***** Data excerpt

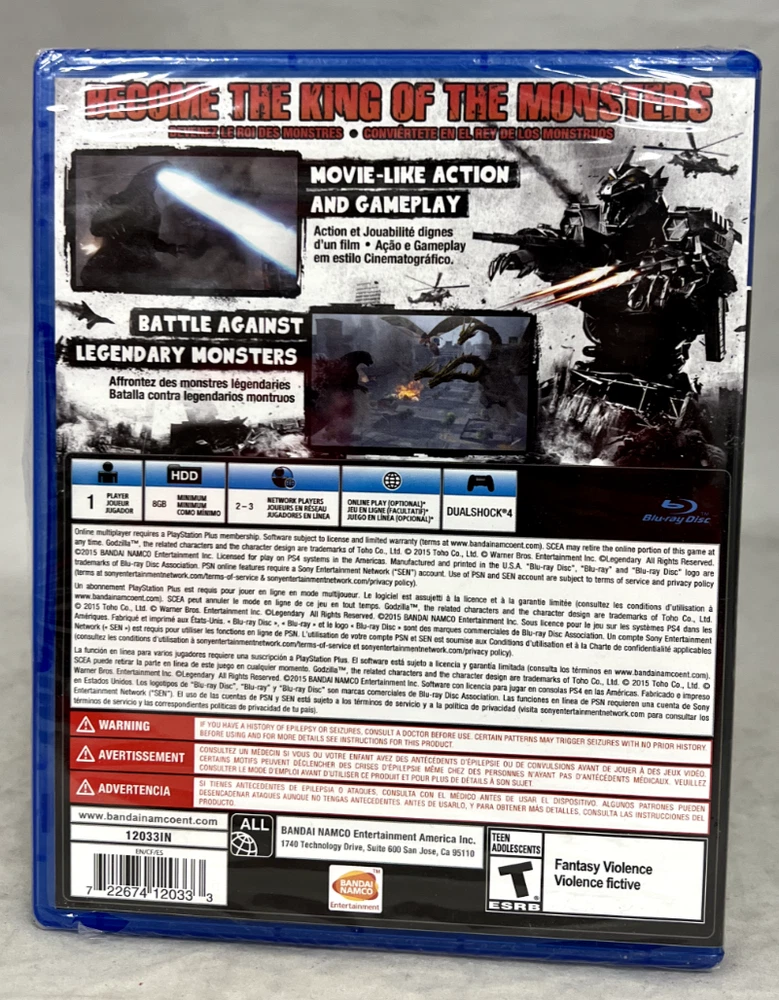CONTENTS Godzilla PlayStation 4, 2015 Brand New Y- Factory Sealed - Some Tears RARE Brand New Factory Y-Sealed. Has 2 rips/tears on 2 different corners. Look at photos for further details. System: Sony PlayStation 4 Region: NTSC-US This item is 100% OFFICIAL and AUTHENTIC . NOT a reproduction or fake. Condition: Brand New, Sealed. For sale is the exact item pictured. SHIPPING Shipping cost include packaging, handling, material and shipping cost. We will only be shipping to addresses provided on eBay and verified with PayPal. Items are shipped within 1-3 business day after receiving payment excluding weekends. The estimated times may take longer during holidays. We can combine shipping, please send us a message about combined shipping cost. Regular Letter-post (TCG Singles only, NO Insurance, NO Tracking) *Please note that we are not responsible for lost or damaged orders when choosing an uninsured delivery method. CUSTOMS A&C Games will declare the sold value of the merchandise as required on customs form as per eBay, policy, legal requirements and for insurance purposes. Import duties, taxes and charges are not included in the item price or shipping charges. These charges are the buyer's responsibility. Please check with your country's customs office to determine what these additional costs will be prior to bidding. RETURN POLICY Return requests must be opened within 7 Days after the receipt of the item. Returns are only accepted if an item is damaged or the wrong item was sent to you, We will refund or replace it at no charge. Buyer is responsible for all return shipping costs. If you have a problem with any of the items you purchased from us or if you any questions or concerns, please contact us before leaving any type of feedback, we will get in touch with you as soon as possible to do our best in resolving your situation. Please return the item in original packaging and condition as received. We do not accept any returns on any brand new items that have been opened after purchase. We do not accept any returns on any items that have been listed as "AS-IS" Please note that technical issues on the user's end are not valid reasons to return an item, and these cases will be charged restocking fees. If an item is returned and passes testing, it will not be accepted as defective. PAYMENT We accept Paypal only. Canadian buyers will be charged 5% sales tax, Ontario buyers will be charged 13% HST. Payment must be completed within 3 days of purchase, unless we have been contacted beforehand. Unpaid ebay cases will be opened after that, and items will be relisted. BEST OFFER We accept best offers that are close to the listed value and will not accept best offers greatly lower. Please contact us if you have any questions, concerns, or requests. FEEDBACK If you have any concerns, please contact us before leaving feedback and we will do our best to resolve any issues. If you are satisfied, please leave us good feedback. It would be very much appreciated. Thank you very much for your business.
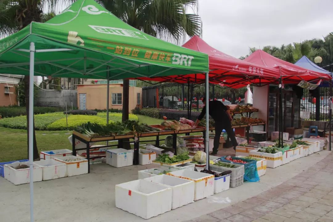 随即,广碧物业立即联合碧桂生鲜,在小区花园入口处引进蔬果便民服务,每天9点到19点搭棚摆摊,配置各类蔬菜水果,方便业主不出小区大门,在家门口就可以采购新鲜蔬果。
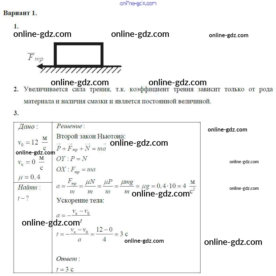 Готовые домашние задания по Физике за 9 класс Самостоятельные и контрольные работы Марон УМК 2018 - СР-2. Варианты Дополнительные самостоятельные работы 1

**********

Task instructions:
Keep the pictures out, and write out the rest of the data above word for word.

Result of this exercise:
CONTENTS Godzilla PlayStation 4, 2015 Brand New Y- Factory Sealed - Some Tears RARE Brand New Factory Y-Sealed. Has 2 rips/tears on 2 different corners. Look at photos for further details. System: Sony PlayStation 4 Region: NTSC-US This item is 100% OFFICIAL and AUTHENTIC . NOT a reproduction or fake. Condition: Brand New, Sealed. For sale is the exact item pictured. SHIPPING Shipping cost include packaging, handling, material and shipping cost. We will only be shipping to addresses provided on eBay and verified with PayPal. Items are shipped within 1-3 business day after receiving payment excluding weekends. The estimated times may take longer during holidays. We can combine shipping, please send us a message about combined shipping cost. Regular Letter-post (TCG Singles only, NO Insurance, NO Tracking) *Please note that we are not responsible for lost or damaged orders when choosing an uninsured delivery method. CUSTOMS A&C Games will declare the sold value of the merchandise as required on customs form as per eBay, policy, legal requirements and for insurance purposes. Import duties, taxes and charges are not included in the item price or shipping charges. These charges are the buyer's responsibility. Please check with your country's customs office to determine what these additional costs will be prior to bidding. RETURN POLICY Return requests must be opened within 7 Days after the receipt of the item. Returns are only accepted if an item is damaged or the wrong item was sent to you, We will refund or replace it at no charge. Buyer is responsible for all return shipping costs. If you have a problem with any of the items you purchased from us or if you any questions or concerns, please contact us before leaving any type of feedback, we will get in touch with you as soon as possible to do our best in resolving your situation. Please return the item in original packaging and condition as received. We do not accept any returns on any brand new items that have been opened after purchase. We do not accept any returns on any items that have been listed as "AS-IS" Please note that technical issues on the user's end are not valid reasons to return an item, and these cases will be charged restocking fees. If an item is returned and passes testing, it will not be accepted as defective. PAYMENT We accept Paypal only. Canadian buyers will be charged 5% sales tax, Ontario buyers will be charged 13% HST. Payment must be completed within 3 days of purchase, unless we have been contacted beforehand. Unpaid ebay cases will be opened after that, and items will be relisted. BEST OFFER We accept best offers that are close to the listed value and will not accept best offers greatly lower. Please contact us if you have any questions, concerns, or requests. FEEDBACK If you have any concerns, please contact us before leaving feedback and we will do our best to resolve any issues. If you are satisfied, please leave us good feedback. It would be very much appreciated. Thank you very much for your business.
 随即,广碧物业立即联合碧桂生鲜,在小区花园入口处引进蔬果便民服务,每天9点到19点搭棚摆摊,配置各类蔬菜水果,方便业主不出小区大门,在家门口就可以采购新鲜蔬果。
 Готовые домашние задания по Физике за 9 класс Самостоятельные и контрольные работы Марон УМК 2018 - СР-2. Варианты Дополнительные самостоятельные работы 1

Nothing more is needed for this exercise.